Abstract
Purpose:
To evaluate the efficacy of a dexamethasone intravitreal implant in combination with intravitreal anti-vascular endothelial growth factor (VEGF) agents for treatment-resistant neovascular age-related macular degeneration (nvAMD).
Methods:
This study was designed as a single-center, retrospective interventional case series. Consecutive patients with treatment-resistant nvAMD underwent simultaneous combined injection of anti-VEGF agent and dexamethasone intravitreal implant. Eighteen patients with mean age of 81.5 years were included. Patients received an average of 26.3 anti-VEGF injections before dual therapy, with a mean follow-up of 8.2 months after dual therapy.
Results:
Dual therapy produced a significant mean decrease in central foveal thickness (126.3 μm), compared to a mean increase in 29.9 μm when treated with anti-VEGF monotherapy (P = .0017). Patients also had a mean decrease in macular cube volume of −0.85 mm3 with dual therapy compared to anti-VEGF monotherapy (P = .0014). There was a moderate correlation between the number of prior anti-VEGF injections and the magnitude of anatomic response, suggesting that shorter disease duration may positively influence response to combined treatment. Although there was a slight trend toward improved mean visual acuity after dual therapy, these differences did not reach statistical significance. Nevertheless, with combination treatment, 33% of patients gained 1 or more lines of vision. Dual therapy resulted in a significantly lower number of required anti-VEGF injections (4.25 vs 5.33) and an increase in the anti-VEGF injection-free interval to 1.41 months from 1.12 months during the 6 months following dual therapy compared to the same interval before dual therapy.
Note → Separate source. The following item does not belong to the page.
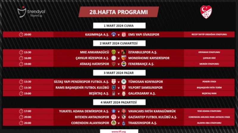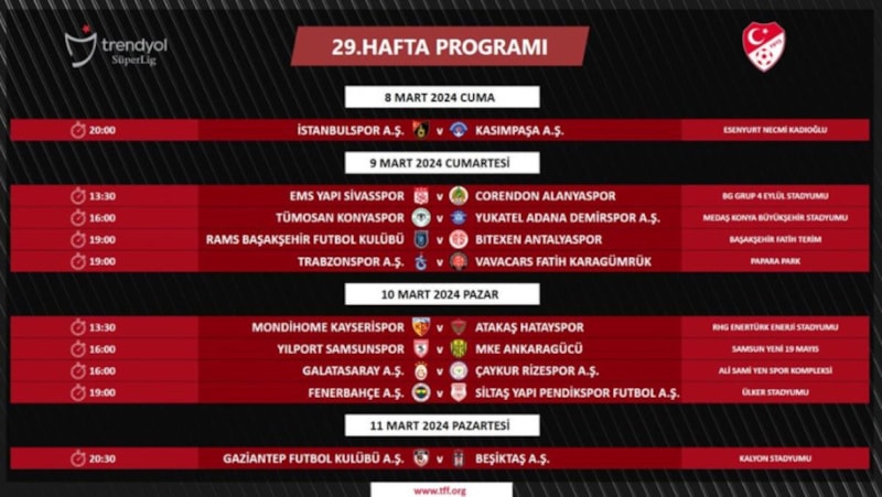 Süper Lig'in 30. haftasında ise Trabzonspor ile Fenerbahçe, 17 Mart Pazar günü saat 20.30’da karşı karşıya gelecek.

Dual therapy was well tolerated; 2 eyes developed mild intraocular pressure elevation effectively managed with topical therapy and 1 patient developed worsening cataract.
Conclusions:
Combined treatment of anti-VEGF with dexamethasone intravitreal implant is a viable alternative for treatment-resistant nvAMD and may reduce treatment burden. Earlier treatment with dual therapy may be beneficial to maximize anatomic and visual outcomes in these patients.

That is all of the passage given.